Lowering of crude oil prices the likely outcome of the Iran nuclear deal will contribute positively to the Indian economy, across the oil and gas value chain barring domestic upstream players, said India Ratings and Research (Ind-Ra).
A decline in oil prices could lower LNG prices as the two are linked and this is likely to benefit end-consumer industries such as fertiliser and petrochemicals.
Oil refiners will benefit by way of lower crude oil prices as imports from Iran will be more cost effective than imports from Africa, Latin America and Venezuela among others. Post the agreement and lifting of sanctions on Iran, lower insurance and transportation costs are likely to reduce the overall landed cost of Iranian oil in India.

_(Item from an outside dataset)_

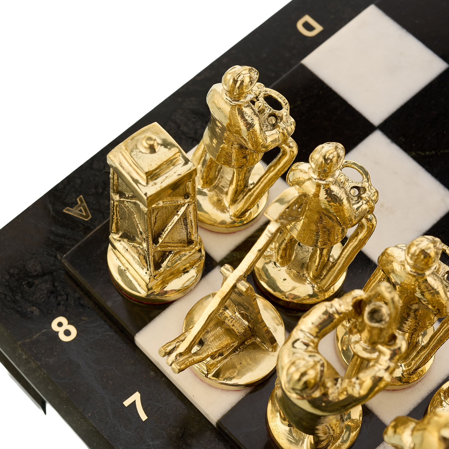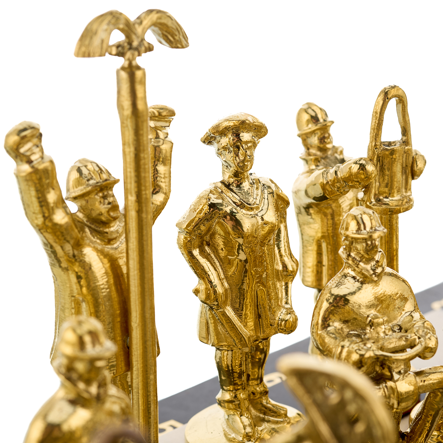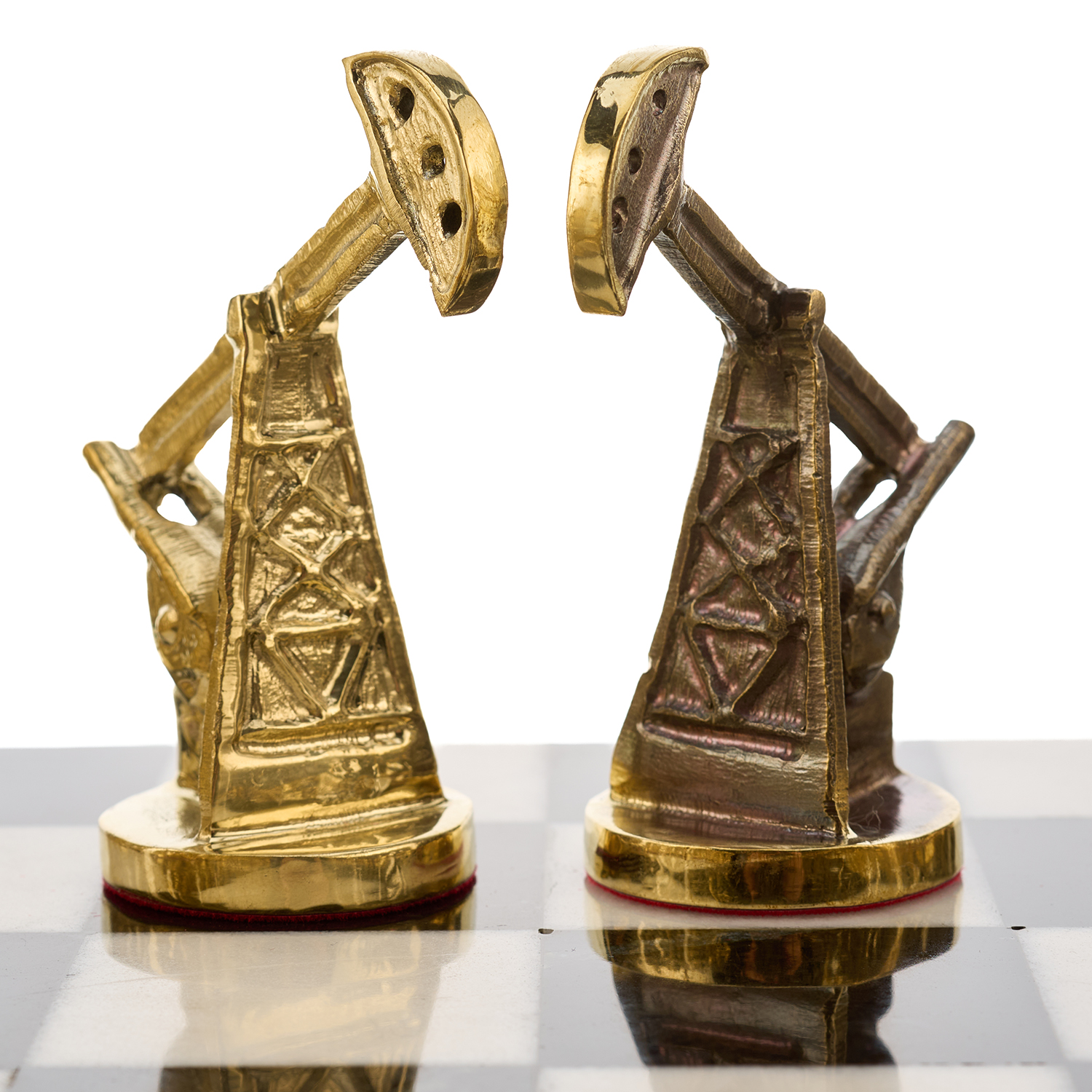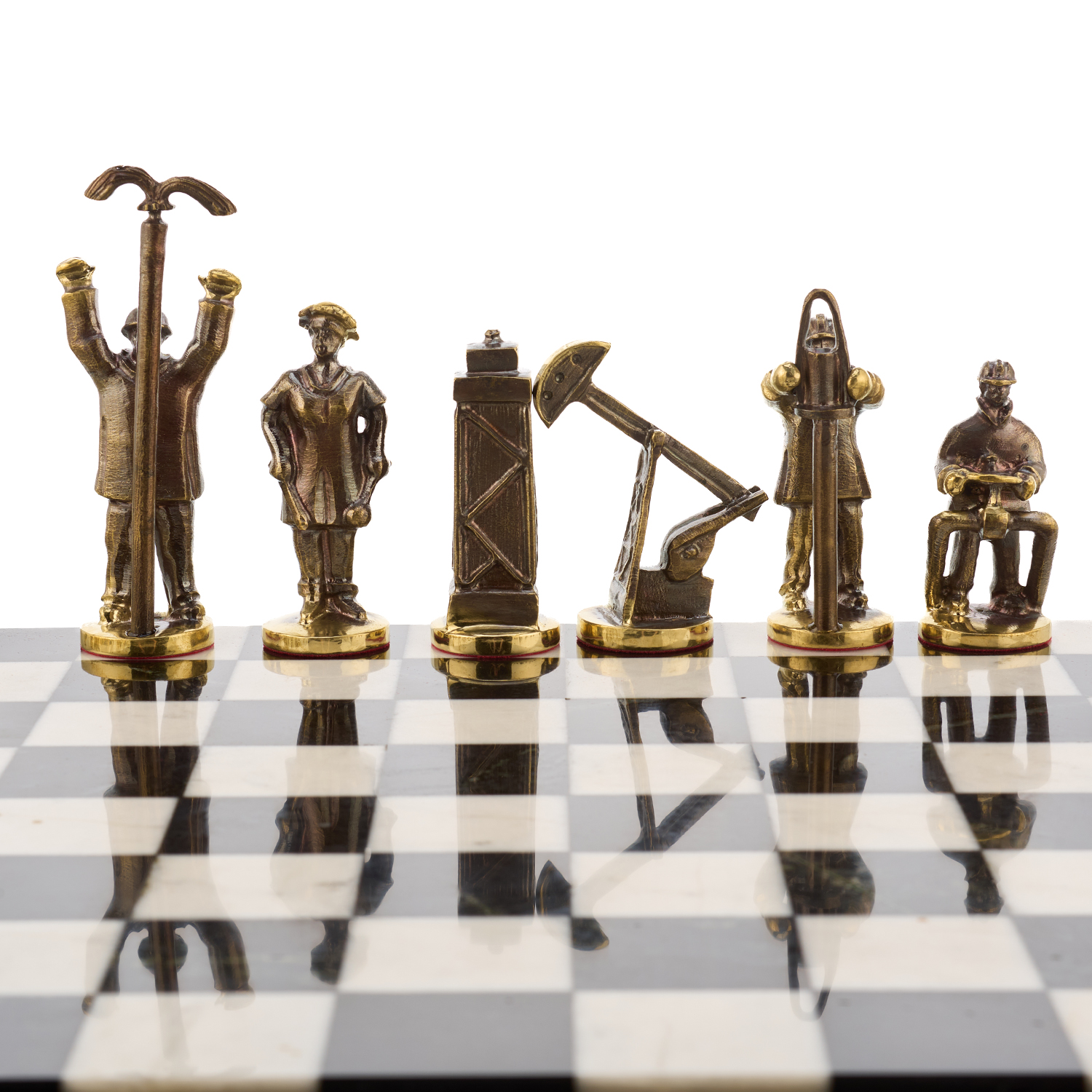 Шахматы из камня с бронзовыми фигурами "Нефтяники".Материалы: бронза, змеевик.

Domestic public sector upstream players may benefit from a lower subsidy burden if the quantum of under-recovery and hence subsidy declines. However, the benefit of lower subsidy could be offset by lower realisations that public sector units would face because of a decline in crude prices.
The lifting of sanctions could also help revive investments by ONGC Videsh Limited in Farzad-B gas field, which could entail investments of nearly $7 bn. Additionally at some stage, talks on the $4 bn Iran-India gas pipeline could restart.
India also had plans of buying 5mt of natural gas per year under a deal signed in 2005, between National Iranian Gas Export Company and India's Gas Authority, Indian Oil and Bharat Petroleum.
The resumption of these projects and deals will lead to higher supplies and lower prices which will benefit Indian corporates which rely on oil and natural gas.